Allí mismo, en la cara esta la boca. En si misma es una maravilla porque por ella transitan tantas cosas y hay en ella tantos recuerdos maravillosos, desde sentir crecer los dientes, los balbuceos. Allí, habita la palabra con todas sus circunstancias. La palabra que nació hace muchos miles años como un gruñido que quería decir algo y no decía nada si no se señalaba con la mano. La vista, el oído, el olfato y el tacto ya estaban ¿Dónde se ocultaban la palabra, las voces, los cantos? Qué maravilla debió haber sido la primera palabra y las que poco a poco sobrevinieron. A partir de allí, somos otros seres humanos porque con la palabra hablada y muchos años después con la palabra escrita surgieron los poetas, los que narraban historias, los copleros. Tuvo que pasar mucho para esto.

A veces perdemos de vista estos que nuestros antepasados crearon, desde lo gruñidos a la palabra oral y desde la pintura rupestre a la escritura. De la invención de la  palabra, surgieron los grandes oradores y los predicadores anunciadores te las temibles postrimerías: Juicio, infierno, purgatorio y gloria.

La voz, la maravillosa voz que comunica, canta, proclama y da el grito para invitar a la Independencia y la Revolución de los pueblos. La boca, a la que después de un brindis acercamos la copa para luego paladear el sabor casi milagroso de un buen vino. La boca que aspira el humo de un cigarro, que besa, que canta, que suelta palabras que hacen temblar, que besa y sonríe. Y allí, justo en la sonrisa participan el brillo de los ojos y entonces, llega 6ambién el concierto de los sentidos cuando la piel se sonroja ante la otra mirada, la del o la amante. La cara entonces es un haz de luz y de emoción y se convierte en poema como El Cantar de los cantares o en oración como los Salmos.

Entonces, que nadie me pregunte: ¿Por qué con los ojos en la cara?

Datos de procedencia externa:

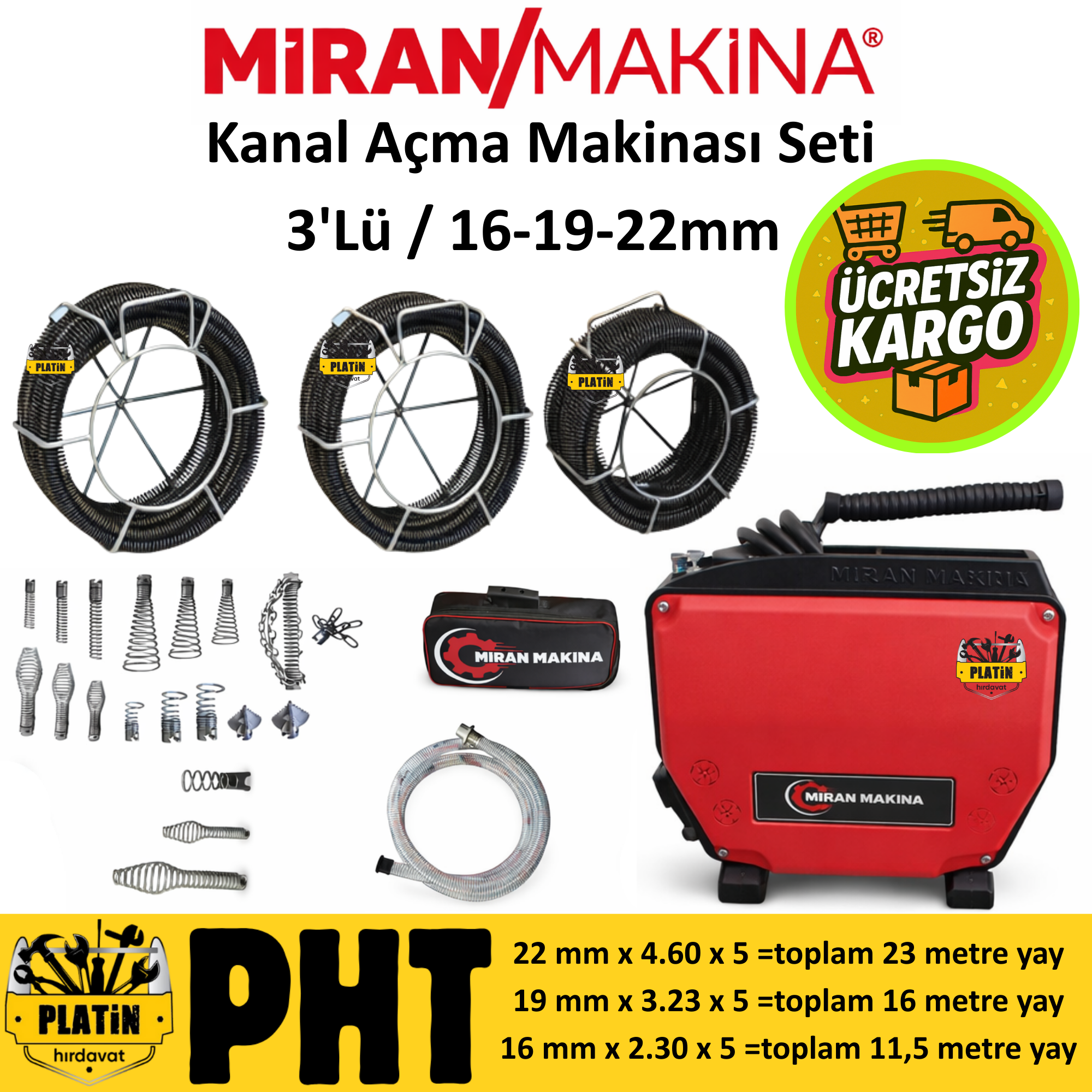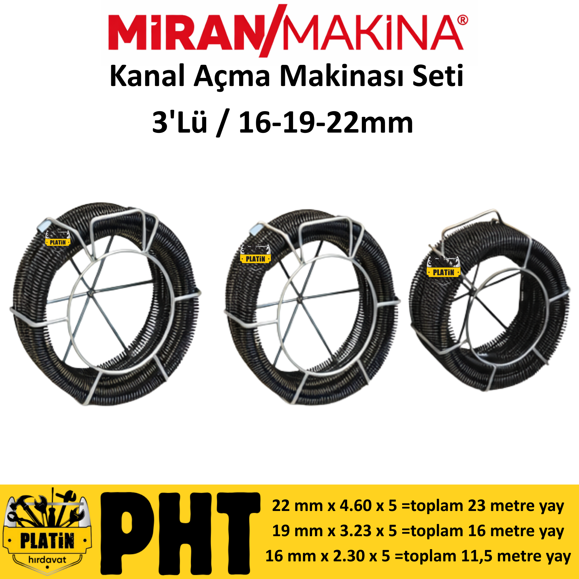 Miran Tıkanıklık Kanal Açma Makinası 22/19/16 mm spirali 3' Lü set PLT28000013

Yo solo pensaré que hace falta mucho para que me de a entender. Nos veremos en la próxima entrega; algo se  me ocurrirá con todo lo que está pasando en esta realidad que duele y que muchas veces es amarga hasta la desesperanza. Ahora mismo, estoy evocando con un poco de compasión real y tristeza, el rostro duro y ahora dolorido por el desconcierto, del general Cienfuegos y allí, en todo el esplendor de la sorpresa y de un futuro tenebroso y totalmente incierto, los ojos en su cara.